• **Dataset excerpts**:
□ □ □

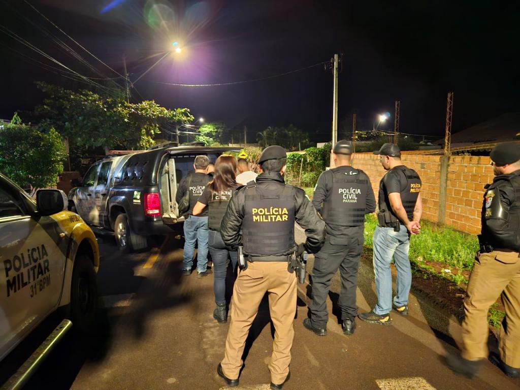 Em ação conjunta, equipes da Polícia Militar e da Polícia Civil cumprem mandado de busca e apreensão e mandado de prisão em Palotina, tendo como alvo um suspeito de um homicídio ocorrido no Estado de São Paulo, a operação iniciou as 5h00 da manhã de hoje no bairo Santa Terezinha.
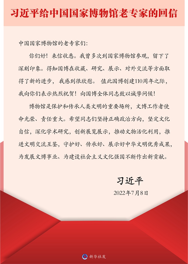 你們好!來信收悉。我曾多次到國家博物館參觀,留下了深刻印象。得知國博在收藏、研究、展示、對外交流等方面取得了新的進(jìn)步,我感到很欣慰。值此國博創(chuàng)建110周年之際,我向你們表示熱烈祝賀!向國博全體同志致以誠摯問候!
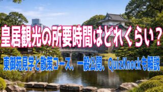 皇居観光の所要時間はどれくらい?東御苑見学の目安や初心者向けの散策コース、乾通り一般公開との違い、QuizKnockの謎解き体験までわかりやすく解説します。東京観光で皇居を効率よく回りたい方におすすめです。
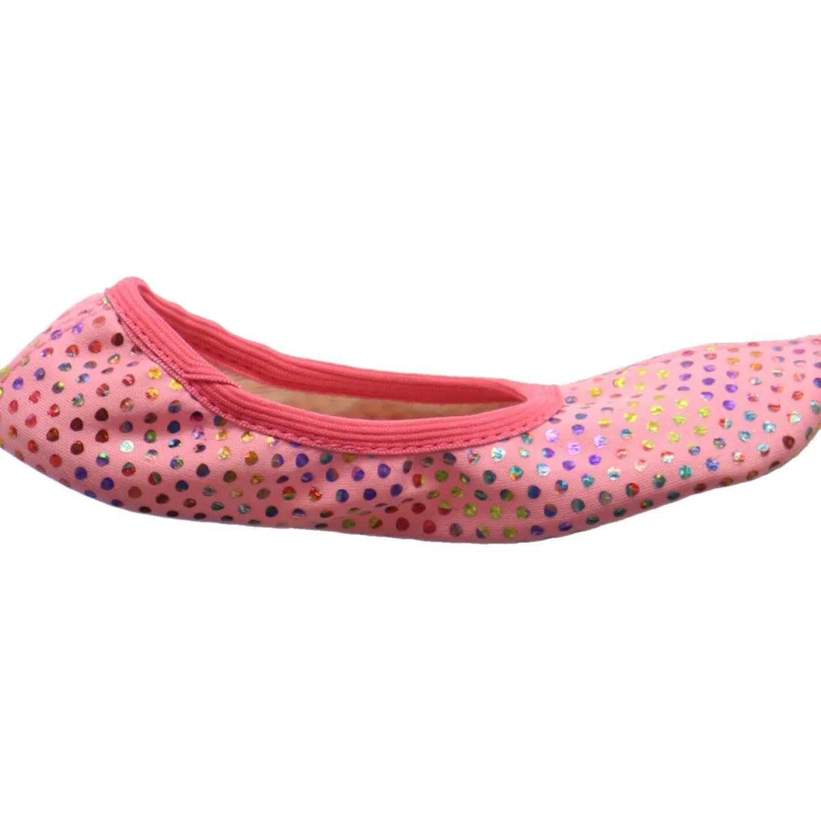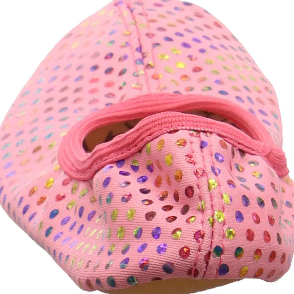 Gefertigt aus griffigem textilen Obermaterial, das mit glänzenden Punkten in Regenbogenfarben verziert ist, machen sie jede Bewegung mit. Der umlaufende Gummizug am Einstieg sorgt für perfekten Halt und die synthetische Sohle ist rutschfest.
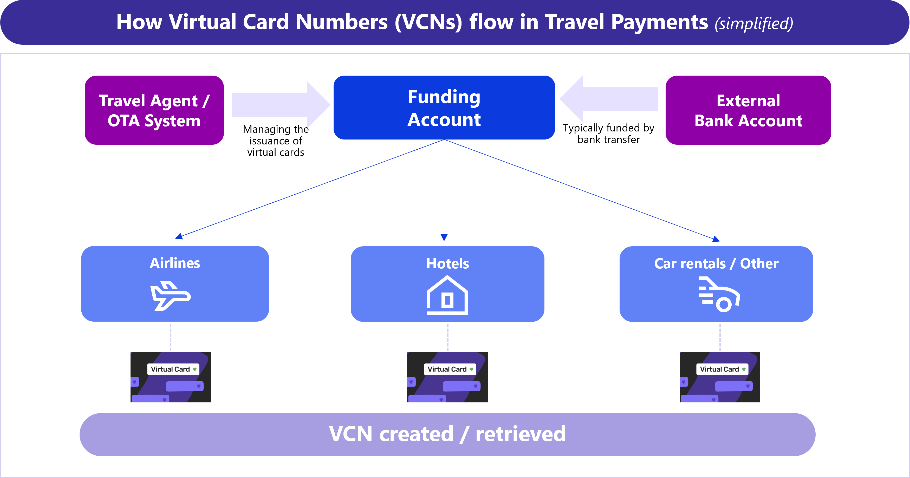 The travel payment ecosystem is unusually complex, involving multiple intermediaries, settlement layers, and legacy processes. Virtual cards simplify and “rewire” this chain by creating a smoother link between four key actors:
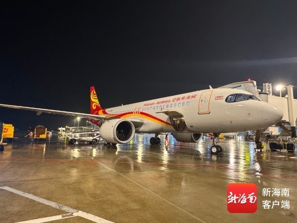 海南航空HU7006广州至海口航班落地海口美兰机场。海口美兰机场供图
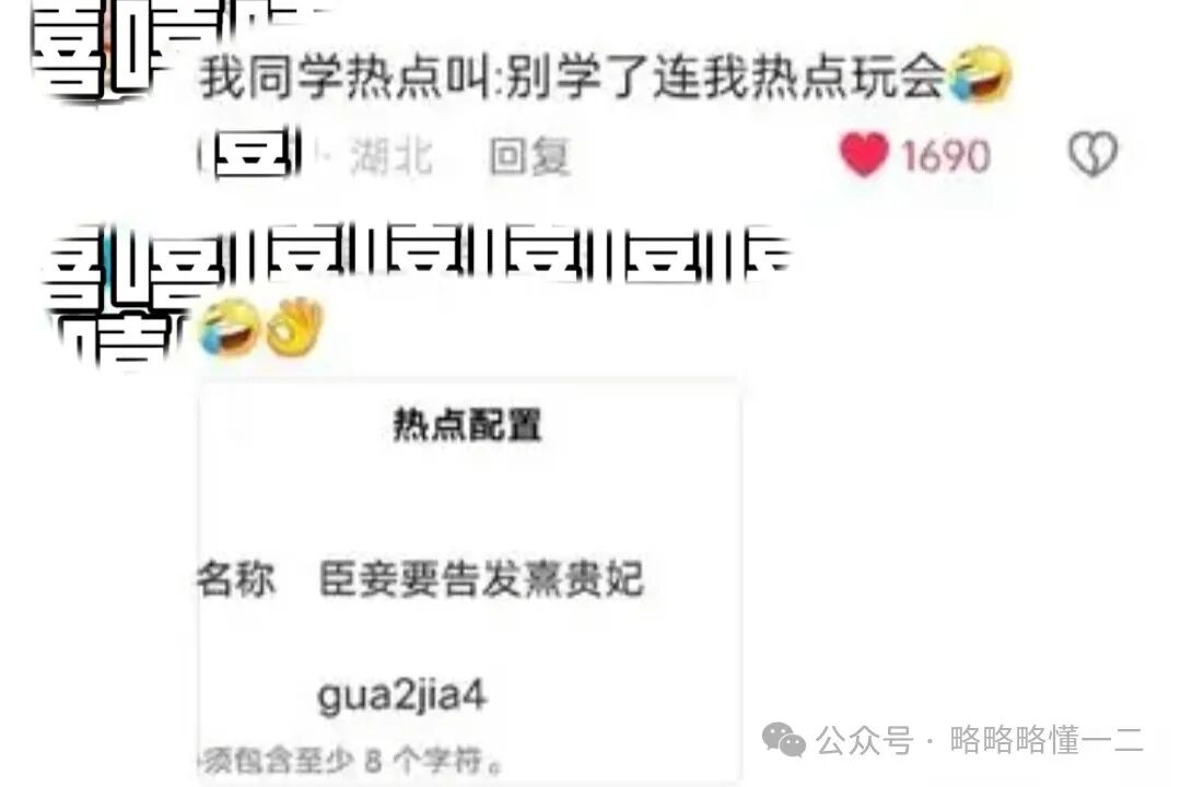 大学生说自己同学的热点名字叫:别学了连我热点玩会,这是反学习内卷的一个方法,自愿奉献出流量,也不希望别人再学习了,这一招真是太绝了。
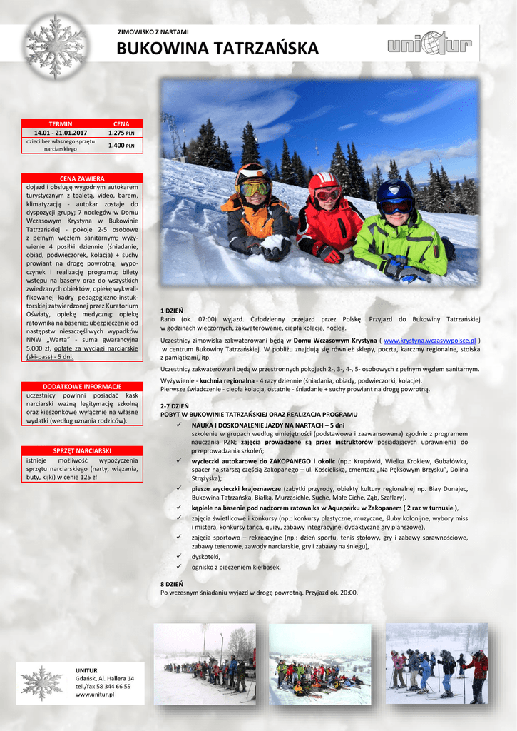 ZIMOWISKO Z NARTAMI BUKOWINA TATRZAŃSKA TERMIN 14.01 - 21.01.2017 CENA 1.275 PLN dzieci bez własnego sprzętu narciarskiego 1.400 PLN CENA ZAWIERA dojazd i obsługę wygodnym autokarem turystycznym z toaletą, video, barem, klimatyzacją - autokar zostaje do dyspozycji grupy; 7 noclegów w Domu Wczasowym Krystyna w Bukowinie Tatrzańskiej - pokoje 2-5 osobowe z pełnym węzłem sanitarnym; wyżywienie 4 posiłki dziennie (śniadanie, obiad, podwieczorek, kolacja) + suchy prowiant na drogę powrotną; wypoczynek i realizację programu; bilety wstępu na baseny oraz do wszystkich zwiedzanych obiektów; opiekę wykwalifikowanej kadry pedagogiczno-instuktorskiej zatwierdzonej przez Kuratorium Oświaty, opiekę medyczną; opiekę ratownika na basenie; ubezpieczenie od następstw nieszczęśliwych wypadków NNW „Warta” - suma gwarancyjna 5.000 zł, opłatę za wyciągi narciarskie (ski-pass) - 5 dni. 1 DZIEŃ Rano (ok. 07:00) wyjazd. Całodzienny przejazd przez Polskę. Przyjazd do Bukowiny Tatrzańskiej w godzinach wieczornych, zakwaterowanie, ciepła kolacja, nocleg. Uczestnicy zimowiska zakwaterowani będą w Domu Wczasowym Krystyna ( www.krystyna.wczasywpolsce.pl ) w centrum Bukowiny Tatrzańskiej. W pobliżu znajdują się również sklepy, poczta, karczmy regionalne, stoiska z pamiątkami, itp. Uczestnicy zakwaterowani będą w przestronnych pokojach 2-, 3-, 4-, 5- osobowych z pełnym węzłem sanitarnym. DODATKOWE INFORMACJE uczestnicy powinni posiadać kask narciarski ważną legitymację szkolną oraz kieszonkowe wyłącznie na własne wydatki (według uznania rodziców). SPRZĘT NARCIARSKI istnieje możliwość wypożyczenia sprzętu narciarskiego (narty, wiązania, buty, kijki) w cenie 125 zł Wyżywienie - kuchnia regionalna - 4 razy dziennie (śniadania, obiady, podwieczorki, kolacje). Pierwsze świadczenie - ciepła kolacja, ostatnie - śniadanie + suchy prowiant na drogę powrotną. 2-7 DZIEŃ POBYT W BUKOWINIE TATRZAŃSKIEJ ORAZ REALIZACJA PROGRAMU NAUKA I DOSKONALENIE JAZDY NA NARTACH – 5 dni szkolenie w grupach według umiejętności (podstawowa i zaawansowana) zgodnie z programem nauczania PZN; zajęcia prowadzone są przez instruktorów posiadających uprawnienia do przeprowadzania szkoleń; wycieczki autokarowe do ZAKOPANEGO i okolic (np.: Krupówki, Wielka Krokiew, Gubałówka, spacer najstarszą częścią Zakopanego – ul. Kościeliską, cmentarz „Na Pęksowym Brzysku”, Dolina Strążyska); piesze wycieczki krajoznawcze (zabytki przyrody, obiekty kultury regionalnej np. Biay Dunajec, Bukowina Tatrzańska, Białka, Murzasichle, Suche, Małe Ciche, Ząb, Szaflary). kąpiele na basenie pod nadzorem ratownika w Aquaparku w Zakopanem ( 2 raz w turnusie ), zajęcia świetlicowe i konkursy (np.: konkursy plastyczne, muzyczne, śluby kolonijne, wybory miss i mistera, konkursy tańca, quizy, zabawy integracyjne, dydaktyczne gry planszowe), zajęcia sportowo – rekreacyjne (np.: dzień sportu, tenis stołowy, gry i zabawy sprawnościowe, zabawy terenowe, zawody narciarskie, gry i zabawy na śniegu), dyskoteki, ognisko z pieczeniem kiełbasek. 8 DZIEŃ Po wczesnym śniadaniu wyjazd w drogę powrotną. Przyjazd ok. 20:00.
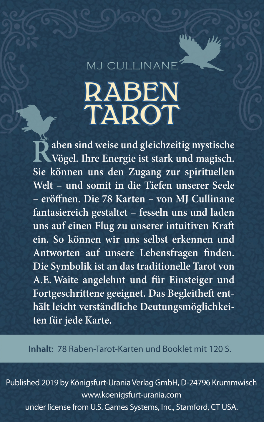 Inhalt: 78 Raben-Tarot-Karten und Booklet mit 120 Seiten in einer Klappdeckelschachtel mit Magnetverschluss

□ □ □

• **Task objective**: Above are the records; return the lines in them from the one with "The travel payment" to the one with "大学生说自己同学的热点名字叫", inclusive, exactly and without images.

• **Solution to this exercise**:
 The travel payment ecosystem is unusually complex, involving multiple intermediaries, settlement layers, and legacy processes. Virtual cards simplify and “rewire” this chain by creating a smoother link between four key actors:
 海南航空HU7006广州至海口航班落地海口美兰机场。海口美兰机场供图
 大学生说自己同学的热点名字叫:别学了连我热点玩会,这是反学习内卷的一个方法,自愿奉献出流量,也不希望别人再学习了,这一招真是太绝了。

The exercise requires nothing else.